(Recorded data)
--- START ---

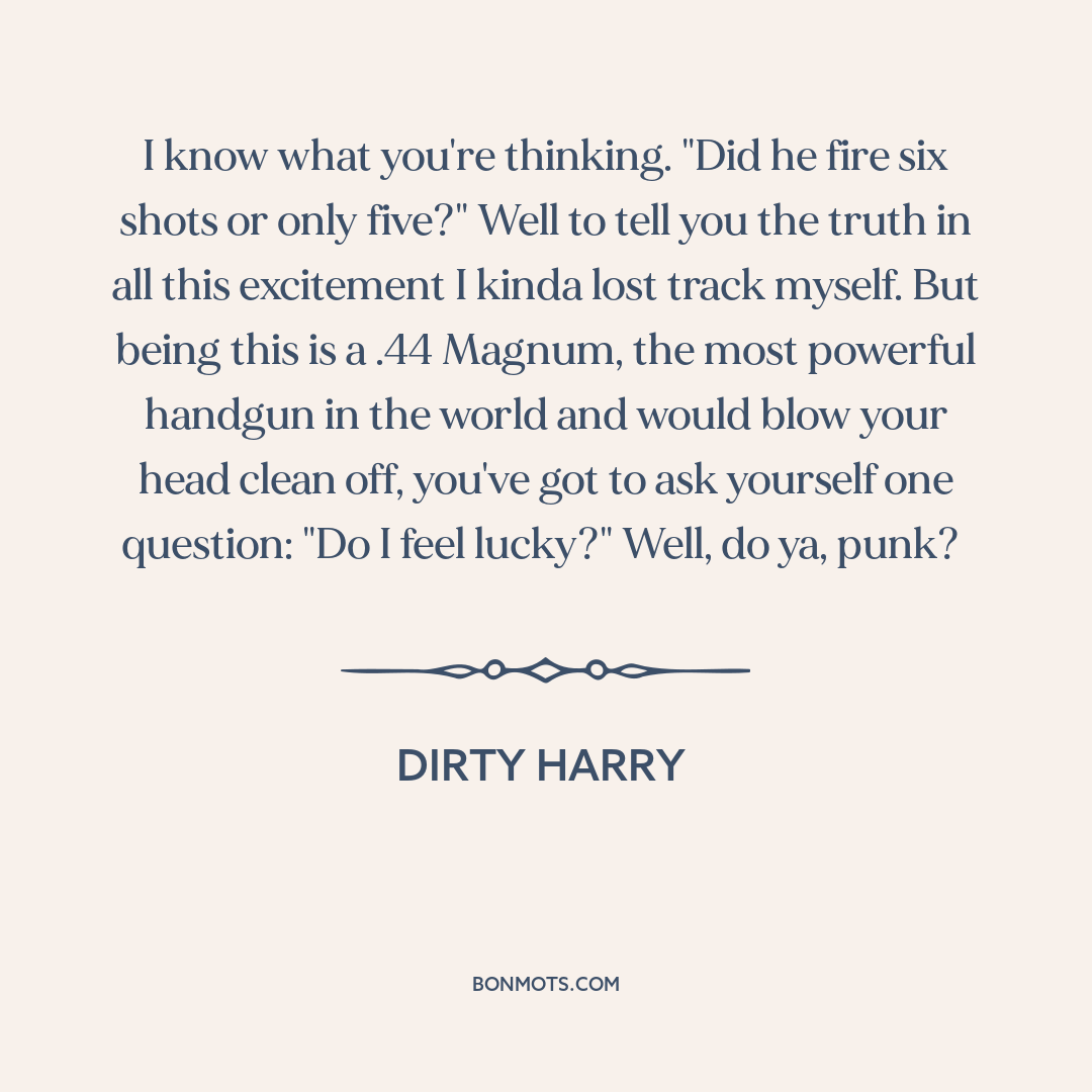 I know what you're thinking. "Did he fire six shots or only five?" Well to tell you the truth in all this excitement I kinda lost track myself. But being this is a .44 Magnum, the most powerful handgun in the world and would blow your head clean off, you've got to ask yourself one question: "Do I feel lucky?" Well, do ya, punk?
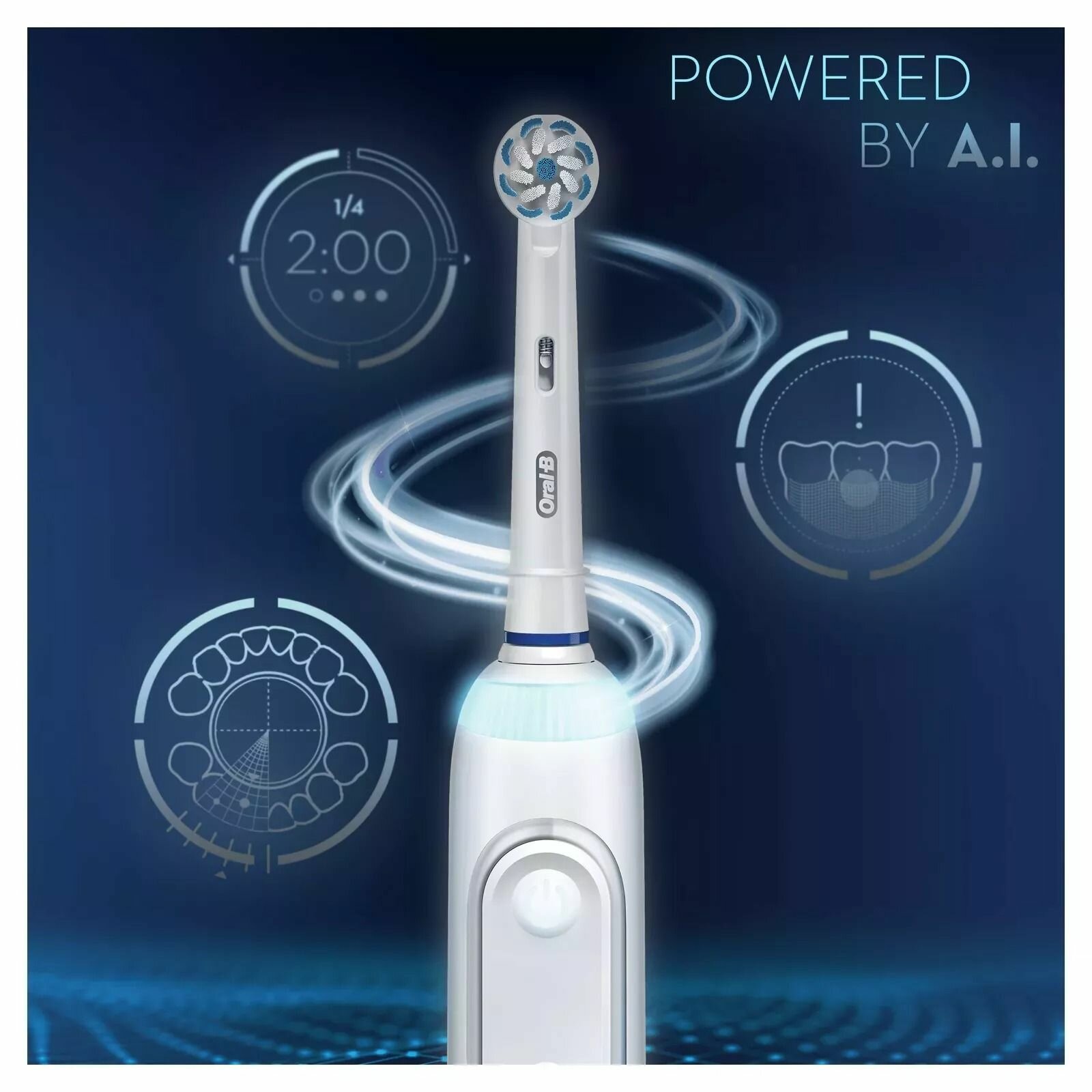 Электрическая зубная щетка Oral-B Genius X 20100S D706.514.6X, оснащенная функцией искусственного интеллекта, распознает ваш стиль чистки зубов и направит для наиболее эффективной очищения каждый день. Теперь вы можете легко ухаживать за полостью рта согласно рекомендациям стоматолога, обеспечивая превосходное очищение и улучшая состояние десен. Зубная щетка защищает чувствительные десны и помогает предотвратить дальнейшие проблемы: кольцо SmartRing 360º и датчик давления предупреждают вас и снижают скорость при чрезмерном давлении на щетку, а также сообщают, какие зоны вы чистите слишком сильно, позволяя сделать процедуру более бережной. Кроме того, эта электрическая зубная щетка оснащена литий-ионным аккумулятором, работающим более 2 недель без подзарядки. Особенности устройства: Механическая частота: 48 000 пульсирующих и 10 500 возвратно-поступательных движений в минуту Тип щетки: Возвратно-вращательная Число насадок в комплекте: 1 шт Число режимов работы: 6 Дорожный чехол Тип питания: Аккумулятор Емкость аккумулятора: 12 дней (при 2-х разовом использовании по 2 минуты) Тип аккумулятора: Li-Ion Время зарядки: 12 часов Датчик нажима на зубы Индикация заряда и разряда
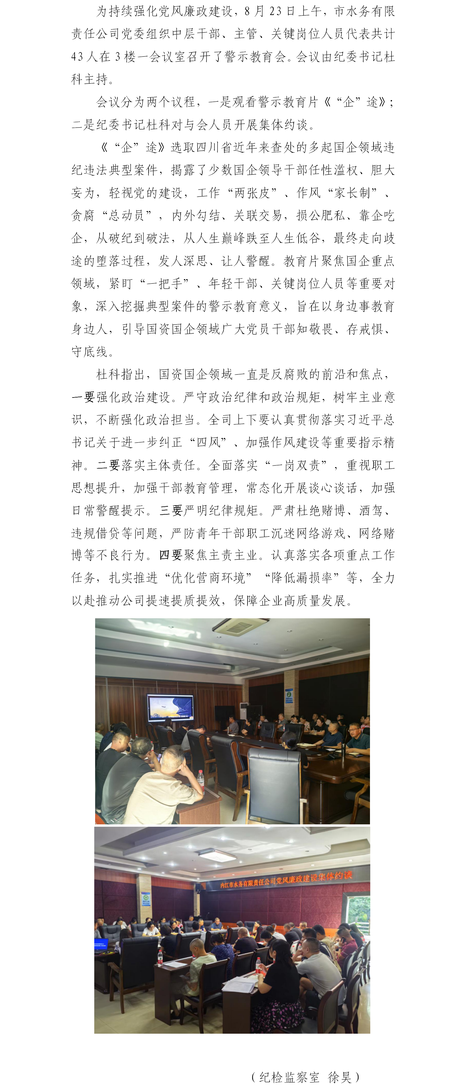 水務(wù)公司黨委組織開(kāi)展警示教育
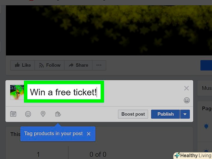 - Використовуйте функцію "@відповісти" (на зразок функції "@" в Твіттері), щоб відзначити когось на вашій сторінці в Фейсбуці. На сторінці зазначеної компанії або людини буде з'являтися відмітка. Знову ж таки, важливо не перестаратися, інакше можна нажити серйозні проблеми за розсилку спаму. Якщо Ви просуваєте бізнес, не дивуйтеся, якщо конкурент відзначатиме вас на своїй сторінці, це все частина гри!
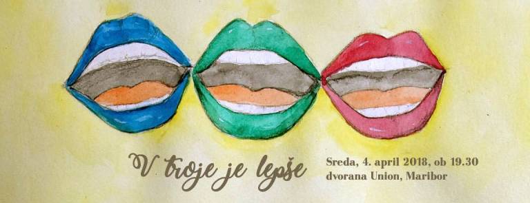 V sredo, 4. aprila, si boste lahko v Unionski dvorani ogledali koncert V troje je lepše, na katerem bodo nastopili Akademski pevski zbor iz Maribora, Ljubljane in iz Primorske.
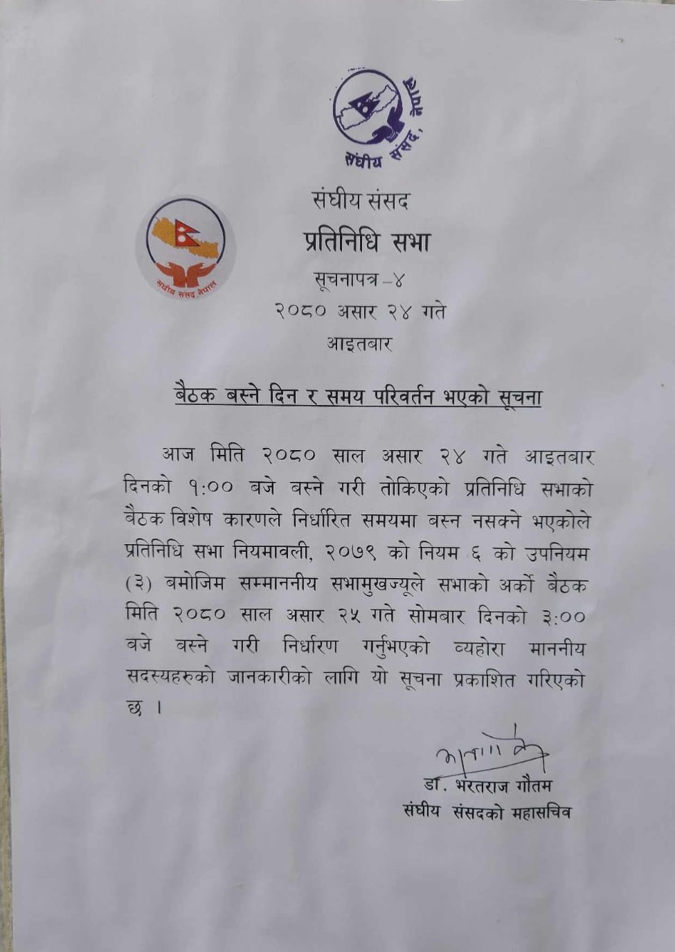 संसद् सचिवालयले सूचना टाँस गरेर सोमबारसम्मलाई बैठक स्थगित भएको बताएको हो।

--- END ---

**Exercise goal**. Word for word, repeat all the data, but not its images.

**Task response**.
 I know what you're thinking. "Did he fire six shots or only five?" Well to tell you the truth in all this excitement I kinda lost track myself. But being this is a .44 Magnum, the most powerful handgun in the world and would blow your head clean off, you've got to ask yourself one question: "Do I feel lucky?" Well, do ya, punk?
 Электрическая зубная щетка Oral-B Genius X 20100S D706.514.6X, оснащенная функцией искусственного интеллекта, распознает ваш стиль чистки зубов и направит для наиболее эффективной очищения каждый день. Теперь вы можете легко ухаживать за полостью рта согласно рекомендациям стоматолога, обеспечивая превосходное очищение и улучшая состояние десен. Зубная щетка защищает чувствительные десны и помогает предотвратить дальнейшие проблемы: кольцо SmartRing 360º и датчик давления предупреждают вас и снижают скорость при чрезмерном давлении на щетку, а также сообщают, какие зоны вы чистите слишком сильно, позволяя сделать процедуру более бережной. Кроме того, эта электрическая зубная щетка оснащена литий-ионным аккумулятором, работающим более 2 недель без подзарядки. Особенности устройства: Механическая частота: 48 000 пульсирующих и 10 500 возвратно-поступательных движений в минуту Тип щетки: Возвратно-вращательная Число насадок в комплекте: 1 шт Число режимов работы: 6 Дорожный чехол Тип питания: Аккумулятор Емкость аккумулятора: 12 дней (при 2-х разовом использовании по 2 минуты) Тип аккумулятора: Li-Ion Время зарядки: 12 часов Датчик нажима на зубы Индикация заряда и разряда
 水務(wù)公司黨委組織開(kāi)展警示教育
 - Використовуйте функцію "@відповісти" (на зразок функції "@" в Твіттері), щоб відзначити когось на вашій сторінці в Фейсбуці. На сторінці зазначеної компанії або людини буде з'являтися відмітка. Знову ж таки, важливо не перестаратися, інакше можна нажити серйозні проблеми за розсилку спаму. Якщо Ви просуваєте бізнес, не дивуйтеся, якщо конкурент відзначатиме вас на своїй сторінці, це все частина гри!
 V sredo, 4. aprila, si boste lahko v Unionski dvorani ogledali koncert V troje je lepše, na katerem bodo nastopili Akademski pevski zbor iz Maribora, Ljubljane in iz Primorske.
 संसद् सचिवालयले सूचना टाँस गरेर सोमबारसम्मलाई बैठक स्थगित भएको बताएको हो।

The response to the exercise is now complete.